Carta del Cardenal Ranjith dirigida a los participantes de la vigésima asamblea de la Federación Internacional Una Voce:
Quiero expresar en primer lugar, mi agradecimiento a todos ustedes por el celo y el entusiasmo con el que promueven la causa de la restauración de las verdaderas tradiciones litúrgicas de la Iglesia.
Como ustedes saben, es la adoración la que aumenta la fe y su realización heroica en la vida. Es el medio con el que los seres humanos se elevan al nivel de lo trascendente y eterno: el lugar de un encuentro profundo entre Dios y el hombre.
Por esta razón, la Liturgia nunca puede ser creada por el hombre. Porque si adoramos a la manera que queremos y establecemos las normas nosotros mismos, entonces corremos el riesgo de recrear el becerro de oro de Aarón. Tenemos que insistir constantemente en la adoración como la participación en lo que Dios mismo hace, de lo contrario corremos el riesgo de involucrarnos en la idolatría. El simbolismo Litúrgico nos ayuda a elevarnos por encima de lo que es humano a lo que es divino. En este sentido, es mi firme convicción de que el Vetus Ordo representa en gran medida y de la manera más satisfactoria, que llaman mística y trascendente, para el encuentro con Dios en la liturgia. Por lo tanto ha llegado el momento para nosotros de, no sólo renovar la nueva liturgia a través de cambios radicales, sino también de alentar más y más la vuelta del Vetus Ordo, como un camino para una verdadera renovación de la Iglesia, que fue la que los Padres de la Iglesia,sentados en el Concilio Vaticano Segundo, tanto desearon.
La lectura cuidadosa de la Constitución conciliar sobre la Sagrada Liturgia, Sacrosanctum Concilum, muestra que los cambios introducidos en la Liturgia más tarde, nunca estuvo en la mente de los Padres del Concilio.

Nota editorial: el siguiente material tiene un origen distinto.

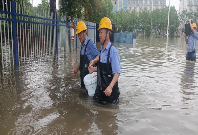 7月15日下午至7月16日上午突如其來兩場大暴雨,為東津新區(qū)、汽車產(chǎn)業(yè)園和深圳工業(yè)園供水的云灣加壓泵站所在區(qū)域一片汪洋,被積水圍困。大量的積水涌進(jìn)了機(jī)泵房,為了保障機(jī)泵的正常運(yùn)行。樊城管網(wǎng)搶險(xiǎn)隊(duì)立即行動(dòng),陳曉軍經(jīng)理、劉建軍書記帶領(lǐng)搶險(xiǎn)隊(duì)員,王昱帶領(lǐng)強(qiáng)排設(shè)備分兩隊(duì)同時(shí)行動(dòng),在第一時(shí)間到達(dá)泵站,人員和設(shè)備到達(dá)現(xiàn)場后立即投入到緊急搶險(xiǎn)工作 ,通過強(qiáng)排強(qiáng)抽降低泵房積水,使得室內(nèi)外水位高差維持在2米左右,電機(jī)維修人員羅瑞對(duì)機(jī)泵進(jìn)行安全檢測和維護(hù),保障了機(jī)泵的正常運(yùn)行。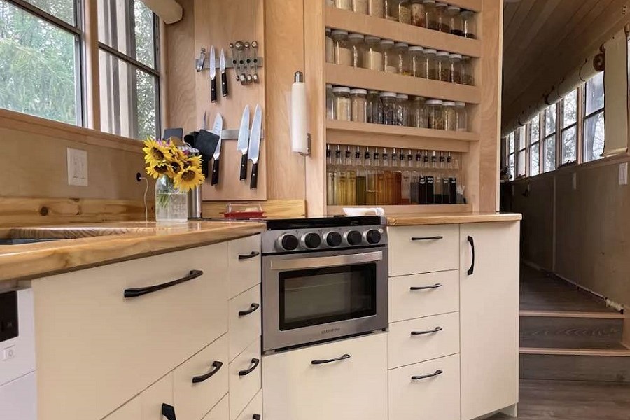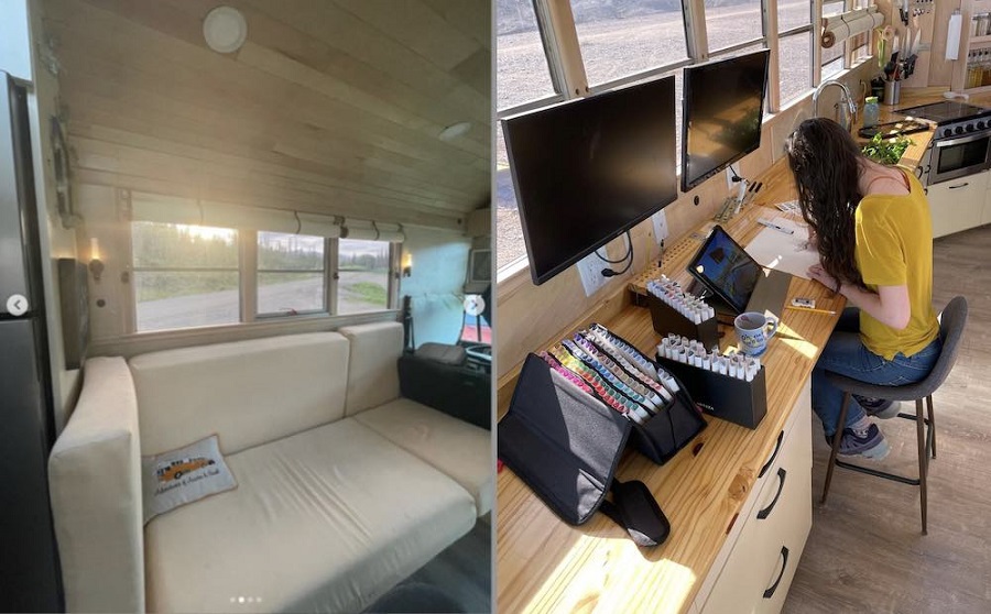 Сега наречен „Aurora the Adventure Bus“ в Instagram, автобусът разполага с тавани от кленово дърво, душ, кухня с пълно оборудване, слънчеви панели и сателитен интернет. Цялото преобразуване в крайна сметка струва на двойката 80 000 долара, споделят те пред Business Insider, което е много по-високо за типичните преобразувания на автобуси.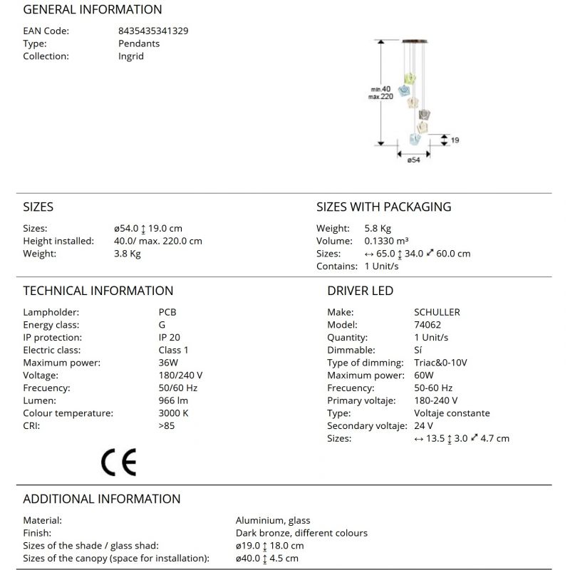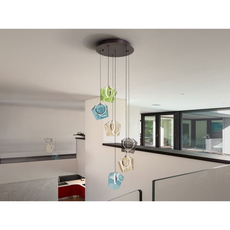 | Materiale | aluminiu periat finisat in ton bronz inchis, abajur din sticla colorata in nuanta sampanie, verde, albastru, gri si chihlimbar cu inel de lumină LED interior și difuzor din silicon |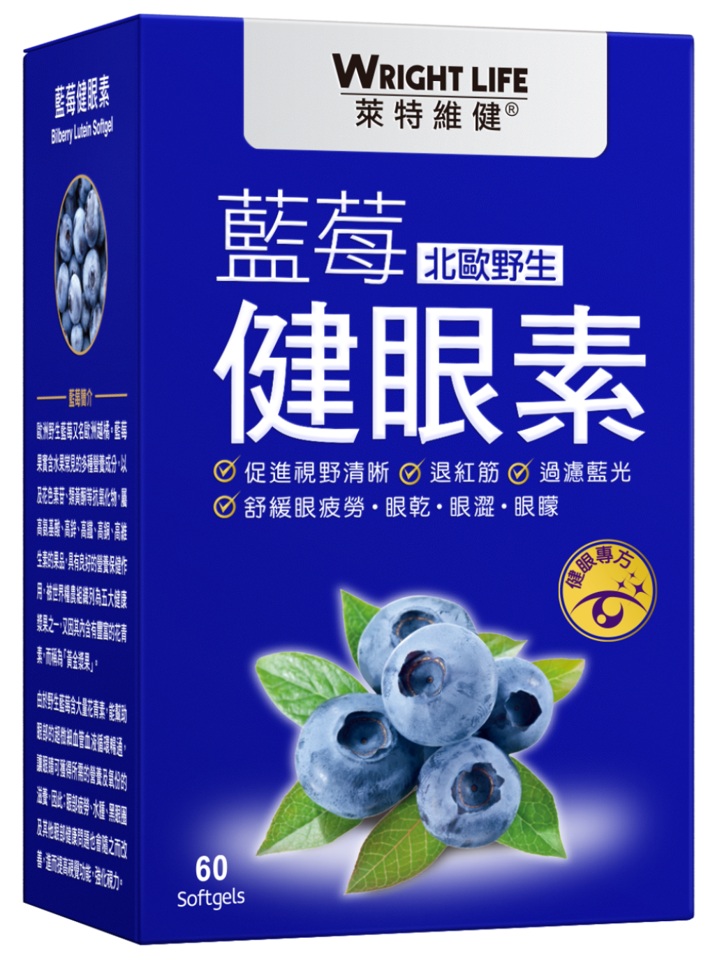 北歐野生藍莓精華,藍莓提取物,天然小米草提取物,葉黃素精華,β- 胡蘿蔔素,維生素 E、大豆卵磷脂,葡萄籽油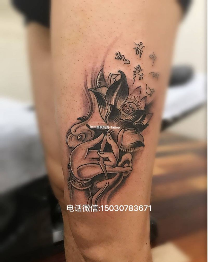 当前位置: 首页 >河北省沧州市纹身店-沧州墨晨刺青纹身图案>佛手莲花纹身图片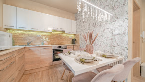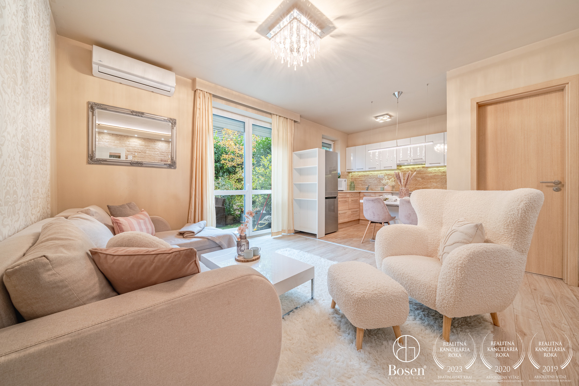 DISPOZÍCIA: byt sa nachádza na prízemí 2-podlažného bytového domu s počtom 8 bytov, v uzavretom areáli s vlastným parkovacím miestom. Predzáhradku lemuje vysoká zeleň, čo dodáva bývaniu v tejto štvrti úplné súkromie – ideálne pre turistov či biznis klientelu. V byte je klimatizácia.

Por lo tanto ha llegado el momento para que seamos valientes en trabajar por una verdadera reforma de la reforma y también en un retorno a la verdadera liturgia de la Iglesia, que había desarrollado a lo largo de su historia bi-milenaria en un flujo continuo. Deseo y rezo para que suceda.
Que Dios bendiga sus esfuerzos con el éxito.